Existing non-contact inductive pickups for determining the interface between two media having different specific density and different specific resistance depend for their operation on the distortion of their electromagnetic fields by the fields produced by eddy currents which appear at least in one of the media, which is electrically conductive and non-magnetic.
A known existing non-contact inductive pickup for determining the interface between two media comprises a non-contact inductive proximity pickup wherein two excitation windings are disposed on the end legs of an E-shaped magnetic circuit and are so connected that the magnetic flux produced in the central leg on which the measuring winding is disposed is equal to the difference between the magnetic fluxes produced by the excitation windings. When the excitation windings produce equal fluxes, the magnetic flux in the central leg is zero. The magnetic circuit of the pickup is disposed so as to be parallel to the interface between two media. The container holding the two media, the interface between which is to be determined, is disposed between one of the end legs and the central leg of the magnetic circuit. When the interface between the two media is located between this end leg and the central leg, the stable equilibrium of the magnetic fluxes in the central leg is disturbed and an emf is induced in the measuring winding.

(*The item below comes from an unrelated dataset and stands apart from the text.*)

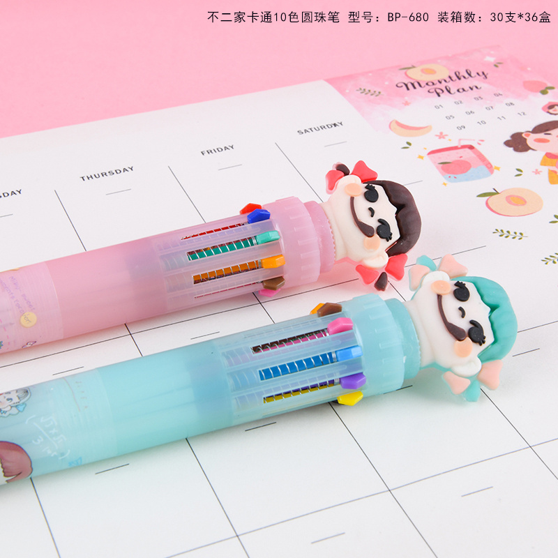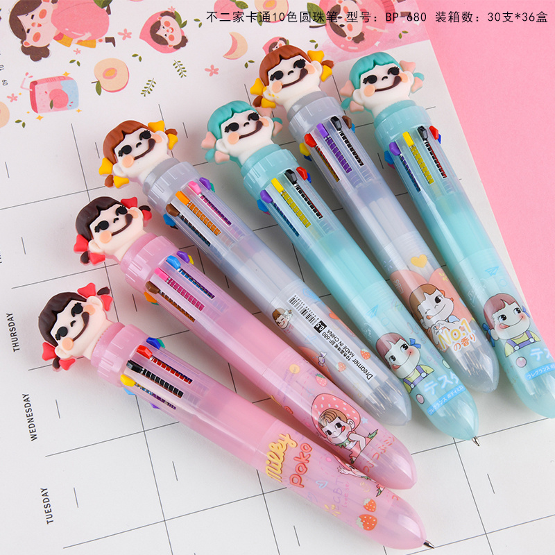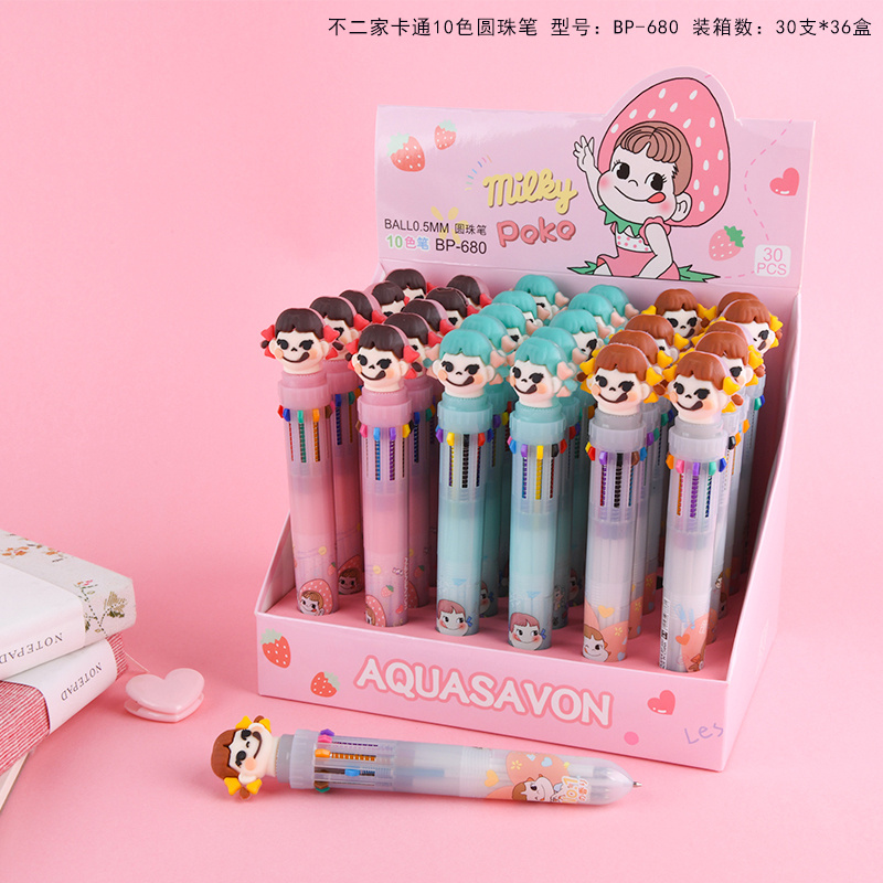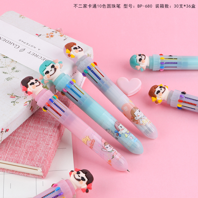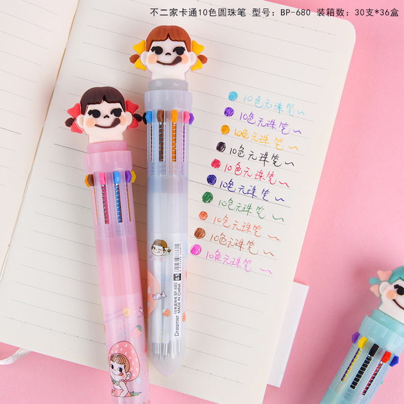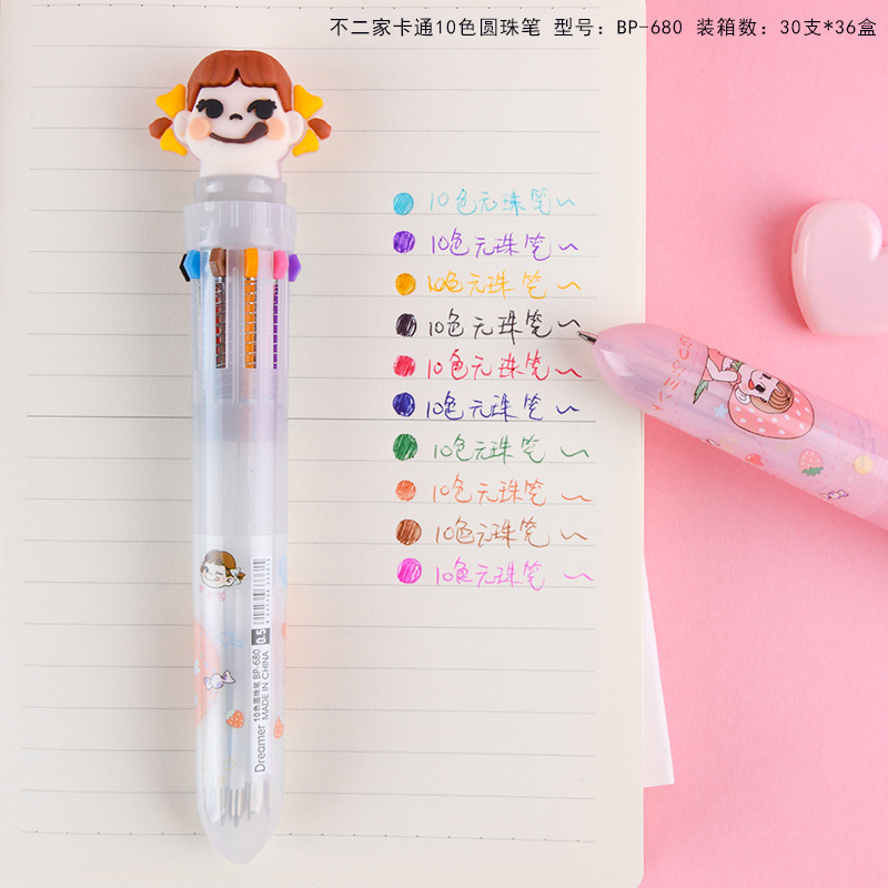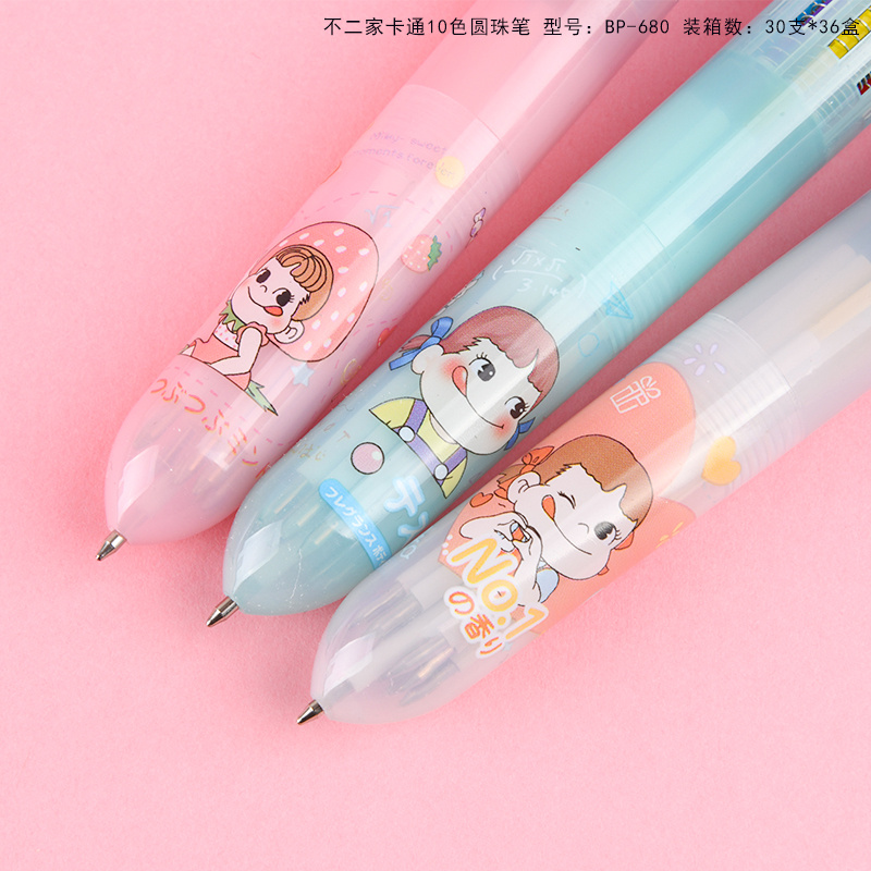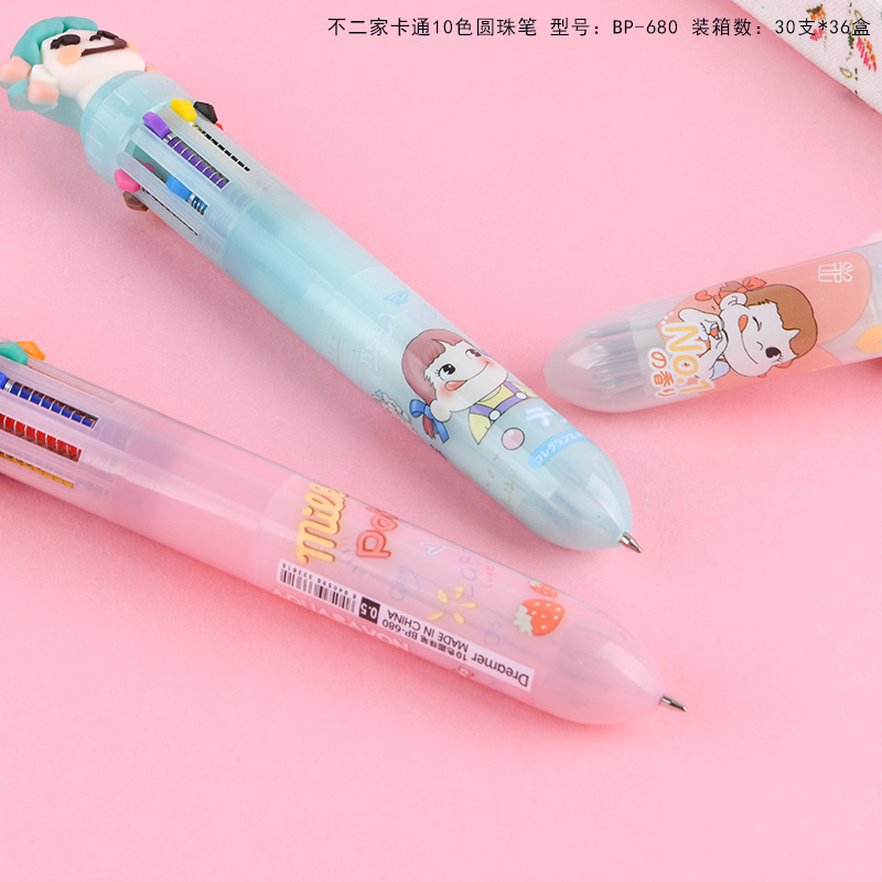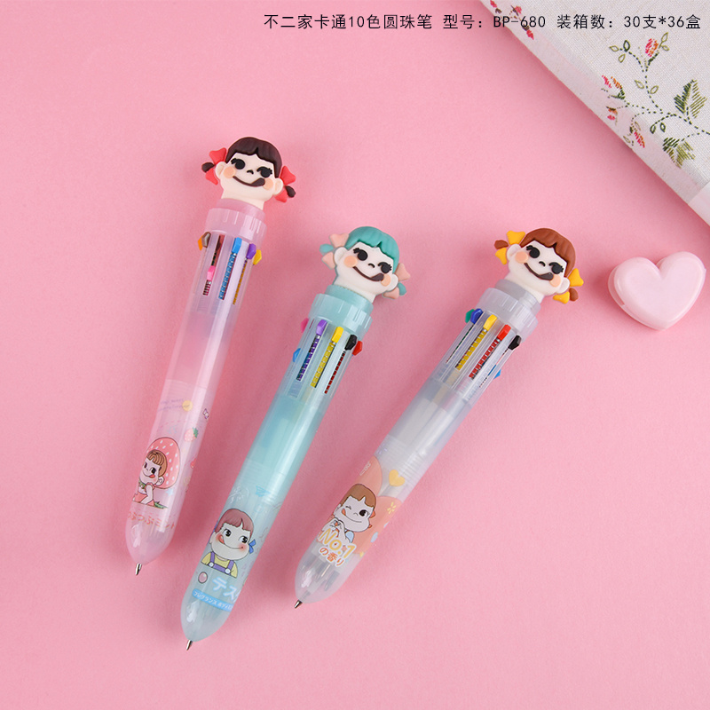 10色圆珠笔不二家少女心卡通多色按动圆珠笔学生多功能手账标记批

Such pickups determine the interface between air and liquid metal when set up near the walls of a vessel or ladle. However these pickups cennot be used for determining the interface between two media in electrometallurgical processes such as electroslag refining, plasma-arc refining, electron-beam refining, electroslag welding, since they operate only if the container holding the two media is made from a non-magnetic material, however ingot molds wherein the interface between liquid metal and slag or between liquid metal and gaseous medium has to be determined, are made from copper. Hence such pickups have to be made excessively large and additional calculations and experiments are necessary for each specific case.

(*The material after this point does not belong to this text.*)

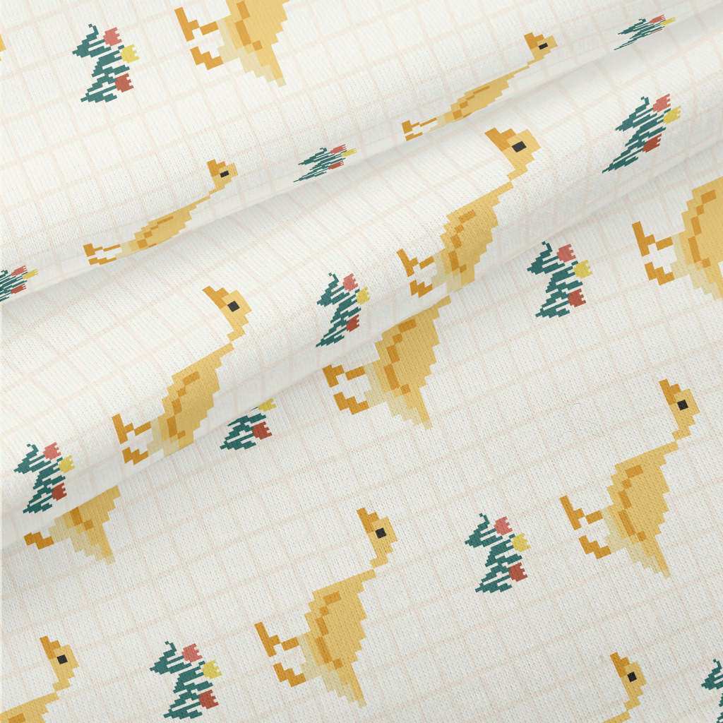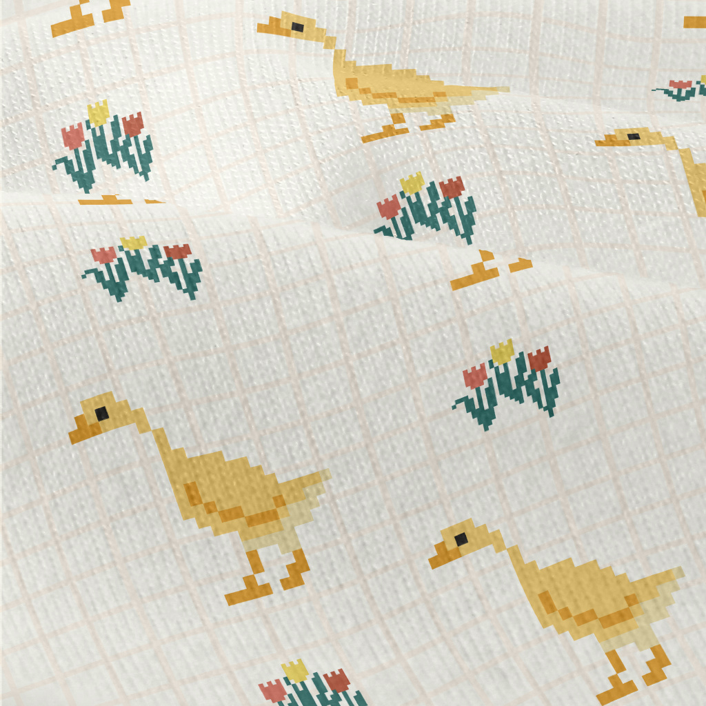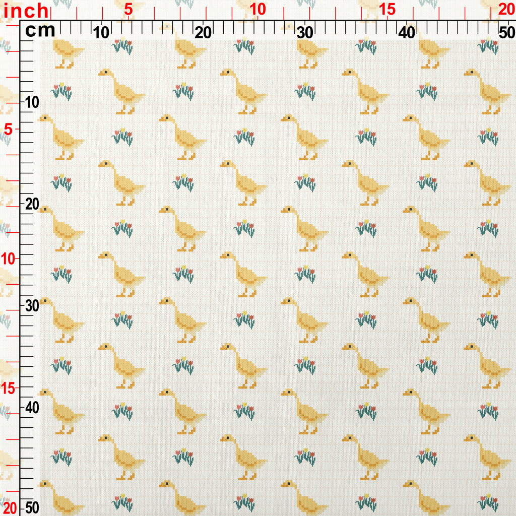 像素可愛鴨子和花朵仿棉布(幅寬150公分)
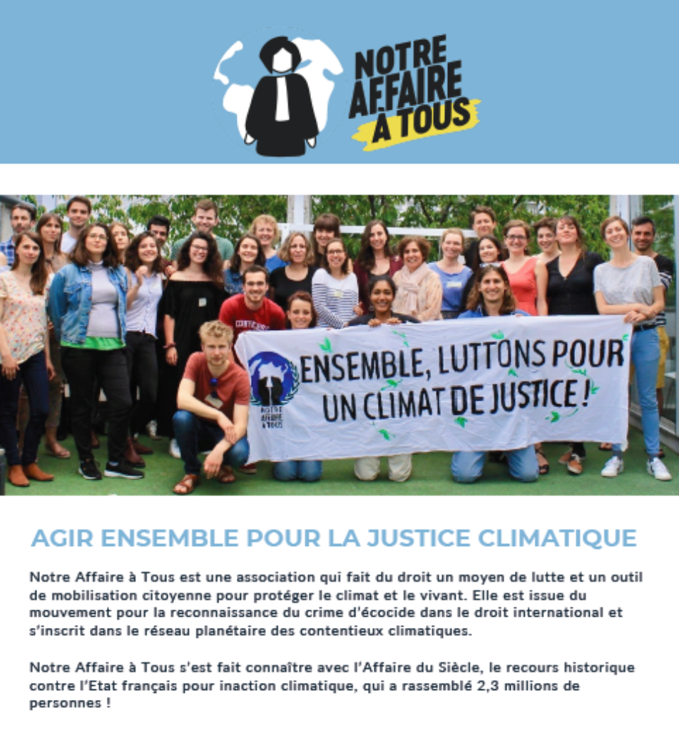 Notre Affaire à Tous est une association qui fait du droit un moyen de lutte et un outil de mobilisation citoyenne pour protéger le climat et le vivant. Elle est issue du mouvement pour la reconnaissance du crime d’écocide dans le droit international et s’inscrit dans le réseau planétaire des contentieux climatiques.

A non-contact inductive pickup is also known for determining the interface between two media using a single open E-shaped magnetic circuit. It comprises two operating windings disposed on the end legs of the magnetic circuit and connected so that the magnetic fluxes set up by the current through these windings in the central leg carrying the measuring winding are mutually subtracted. As long as the magnetic fluxes are equal, the emf in the measuring winding is zero. If an electrically conductive medium is placed between one of the end legs and the central leg the eddy currents which are induced in the medium correspondingly reduce one of the magnetic fluxes. As a result the magnetic fluxes affecting the central leg will no longer be equal and an emf will be induced in the measuring winding. The non-contact inductive pickup for determining the interface between two media which uses an E-shaped magnetic circuit has a number of serious drawbacks, one of them being the small depth to which the electromagnetic field penetrates into the media, the interface between which is to be determined.
The penetration depth and the pattern of the magnetic lines of force depend on the spacing between the end legs and the central leg of the E-shaped magnetic circuit: the greater the spacing, the deeper the penetration of the electromagnetic field.
Hence a pickup of this type is difficult to use if the distance from the pickup to the interface between two media which is to be determined is 10-15 mm as, in this case, the spacing between the central and end legs of the magnetic circuit has to be increased, which results the pickup as a whole having much larger dimensions.
The disadvantages mentioned above restrict the application of such a pickup.